## ACTIVITY
Please keep the images out and set down the data exactly as given.

## PROVIDED DATA
^^^^^^^^
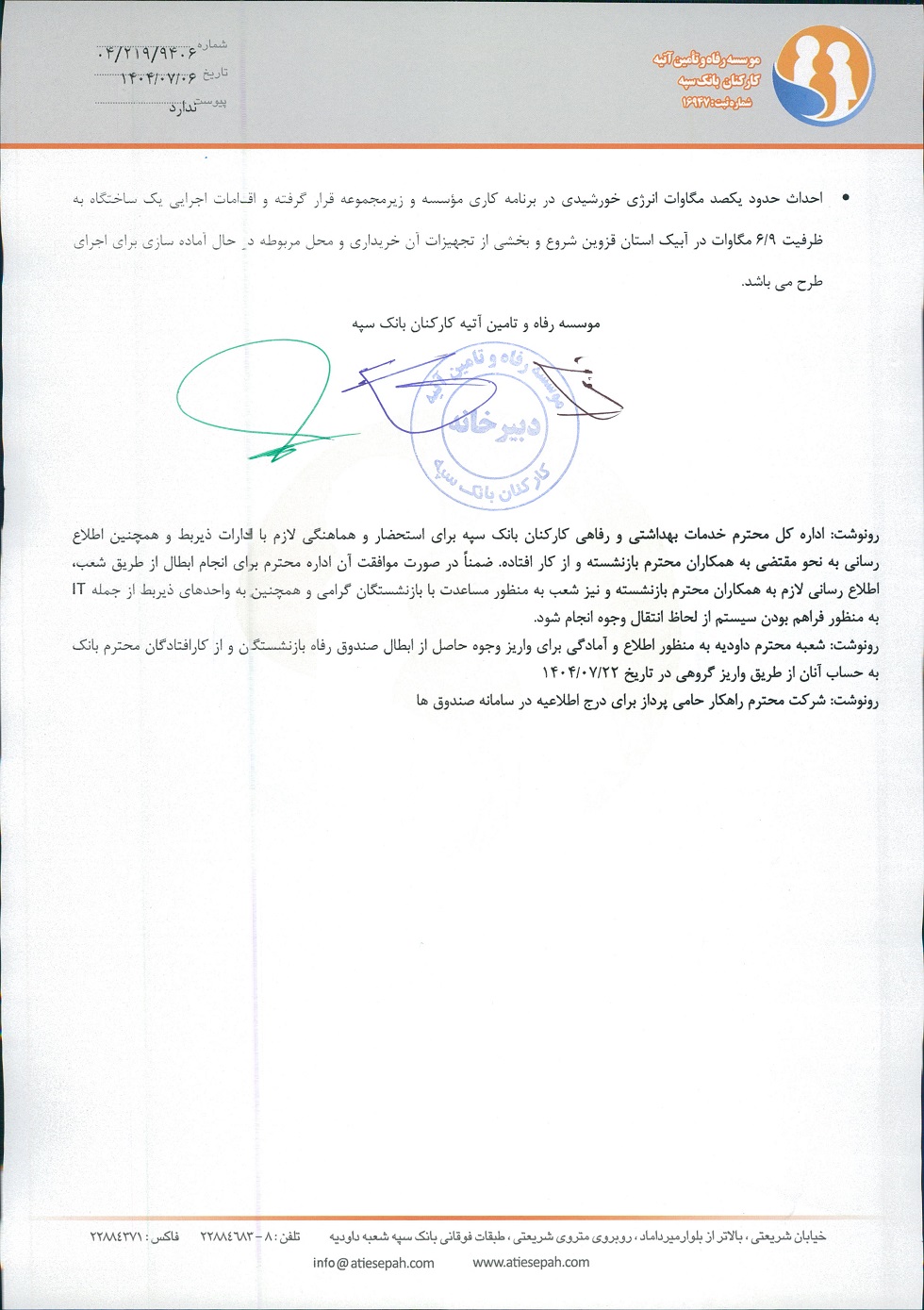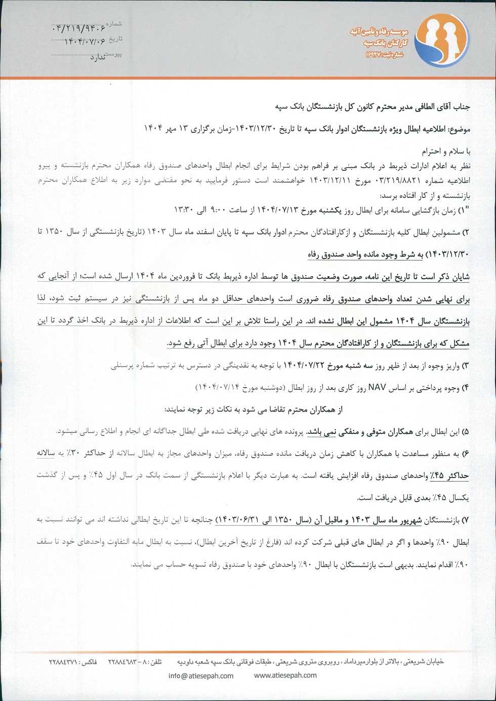 اطلاعیه واریز وجه ابطال بهمن ماه 1403 ویژه بازنشستگان ادوار بانک سپه
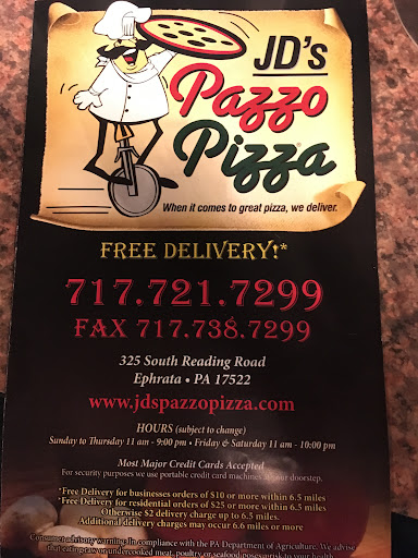 Read moreJust a heads up: when you order from JDs Pazzo Pizza. Check your food before you pay... because when they mess up your order they will blame you. The cook will refuse to remake it because the person taking the order doesn't understand only cheese and lettuce means ONLY cheese and lettuce apparently it means mayonnaise (which my kid is allergic to) also. Conveniently the manager won't be in to talk and it will take them 3 min to figure that out. They offer to remake your order if you pay again and tell you to call the manager tomorrow. Very disappointing customer service as we like ordering from them their food is always good. updated my rating ownership reached out to me to satisfactorily fix the situation. Robin was kind and after her explanation I realize it must have been an off night for employee's due to specific situations. We've never had a problem before, food has always been great. As was the food my son could eat this time. We will give it another try...
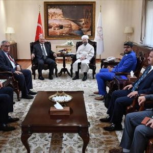 واستقبل أرباش رئيس مجلس أمناء الجامعة الإسلامية بغزة، نصر الدين صادق المزيني ورئيس الجامعة السابق د. كمالين شعت، والوفد المرافق له في مقر رئاسة الشؤون الدينية في العاصمة أنقرة.
^^^^^^^^
## OUTPUT FOR THIS EXERCISE
 اطلاعیه واریز وجه ابطال بهمن ماه 1403 ویژه بازنشستگان ادوار بانک سپه
 Read moreJust a heads up: when you order from JDs Pazzo Pizza. Check your food before you pay... because when they mess up your order they will blame you. The cook will refuse to remake it because the person taking the order doesn't understand only cheese and lettuce means ONLY cheese and lettuce apparently it means mayonnaise (which my kid is allergic to) also. Conveniently the manager won't be in to talk and it will take them 3 min to figure that out. They offer to remake your order if you pay again and tell you to call the manager tomorrow. Very disappointing customer service as we like ordering from them their food is always good. updated my rating ownership reached out to me to satisfactorily fix the situation. Robin was kind and after her explanation I realize it must have been an off night for employee's due to specific situations. We've never had a problem before, food has always been great. As was the food my son could eat this time. We will give it another try...
 واستقبل أرباش رئيس مجلس أمناء الجامعة الإسلامية بغزة، نصر الدين صادق المزيني ورئيس الجامعة السابق د. كمالين شعت، والوفد المرافق له في مقر رئاسة الشؤون الدينية في العاصمة أنقرة.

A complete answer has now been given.